European Affairs Minister Janos Boka of Hungary speaks during the informal meeting of the EU General Affair council in Budapest, Hungary, Tuesday, Sept. 3, 2024 Source: Zoltan Mathe/MTI via AP

EU Ministers Take a Public Swipe at Hungary over Homophobic, Anti-Democratic Stances

Lorne Cook READ TIME: 2 MIN.

Senior government ministers from Ireland, Luxembourg and Belgium took a very public swipe at Hungary on Tuesday, raising questions about whether Prime Minister Vitkor Orbán's stridently nationalist cabinet respects European Union values and standards.

Hungary took over the 27-nation bloc's rotating presidency in July. Orbán immediately made a surprise trip to Moscow to meet with Russian President Vladimir Putin, angering several of his EU counterparts, who insisted that the Hungarian leader did not represent them.

"I will ask also my colleague (European Affairs Minister János Bóka) if tomorrow he plans a trip to Moscow, because this seems to be a habit for Hungarian politicians," Luxembourg Foreign Minister Xavier Bettel said at a meeting in Budapest.

Beyond its ties with Russia, Orbán's government has irritated its EU partners by promoting hostility to migrants and LGBTQ+ rights, and by controlling public media.
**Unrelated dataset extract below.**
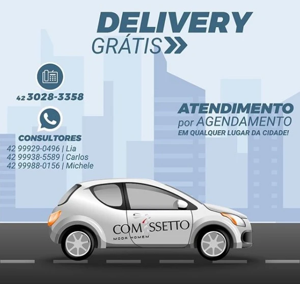 As lojas Comassetto Moda Homem realizam as entregas de segunda a sexta-feira das 10 às 18h. O atendimento também é feito pelo WhatsApp, onde podem ser enviadas fotografias de produtos disponíveis nas lojas. Outro diferencial, é que ao solicitar o delivery, o cliente pode também pedir para que seja levada a máquina para efetuar o pagamento no cartão de crédito ou débito.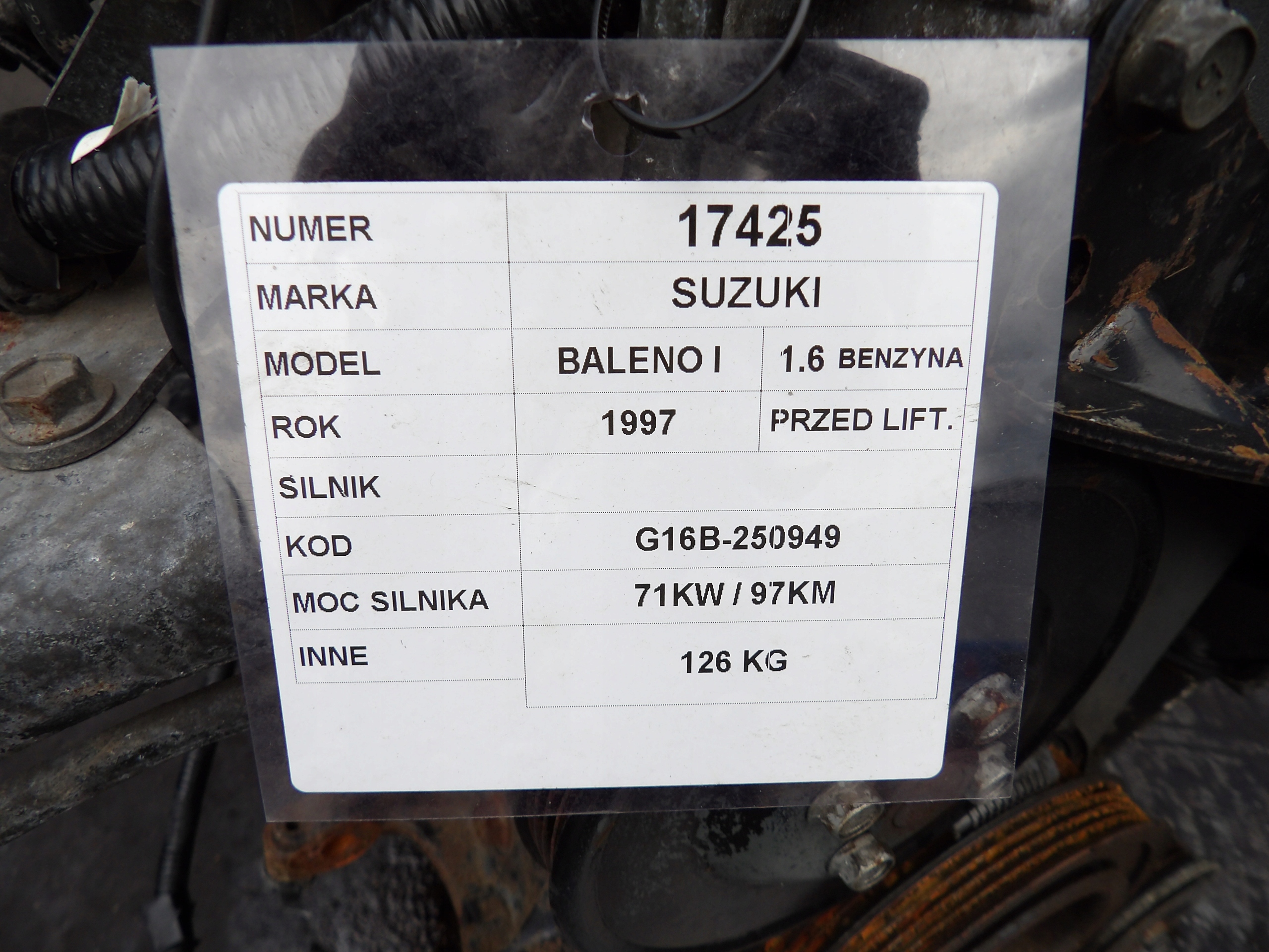 Suzuki baleno 1,6b 71kw 97km двигатель kompletny g16b

Millions of euros in EU funds have also been frozen over concerns about democratic backsliding in Hungary.

Bettel, his Belgian counterpart Hadja Lahbib and Irish European Affairs Minister Jennifer Carroll McNeill said that they had held joint meetings with members of the Hungarian media, civil society and LGBTQ+ representatives ahead of Tuesday's meeting, which Bóka chaired.

"This is extremely important to us in Ireland: human rights, fundamental freedoms, rule of law," Carroll McNeill said. "I'm pleased to be here with my colleagues to just further discuss the rule of law and the concerns that we have and as they relate to the future of Europe."

The ministers made their statements directly to a Hungarian TV camera, without prompting from reporters. It was an unusual and potentially embarrassing public display for Hungary, given that EU member countries rarely criticize each other in public.

Lahbib said she would send a message that "the Hungarian presidency should be ambitious, that it works to unite, to build bridges between the 27 European Union member states." She urged Budapest to lift its veto on EU funds helping to supply weapons to Ukraine.

Many EU countries have been sending lower-level officials to meetings hosted by Hungary in protest at its conduct. Last week, EU foreign policy chief Josep Borrell also used his convening powers to shift a gathering of the bloc's foreign ministers from Budapest to Brussels.

At Tuesday's meeting, things were taken to a new level.

"For me it was important to be in Budapest today. You know, big questions: do we come, don't we come, should we come, is it good to come, is it better to boycott," Bettel mused. "Not being here would, I think, be an error. But being here means also to be loud."

Bóka played down the tensions, saying that the ministers had informed him of their meetings and that he saw no problem with this.

He said that more than half of the member countries were represented at senior level, although he conceded that the EU's executive branch, the European Commission, had not sent one of its policy commissioners as it usually does.

"The atmosphere of today's council reflected a sense of cooperation, and a willingness on the part of member states to cooperate with the Hungarian presidency, and I welcome this," Bóka told reporters after the meeting had concluded.

Hungary's mandate at the EU helm ends on Dec. 31.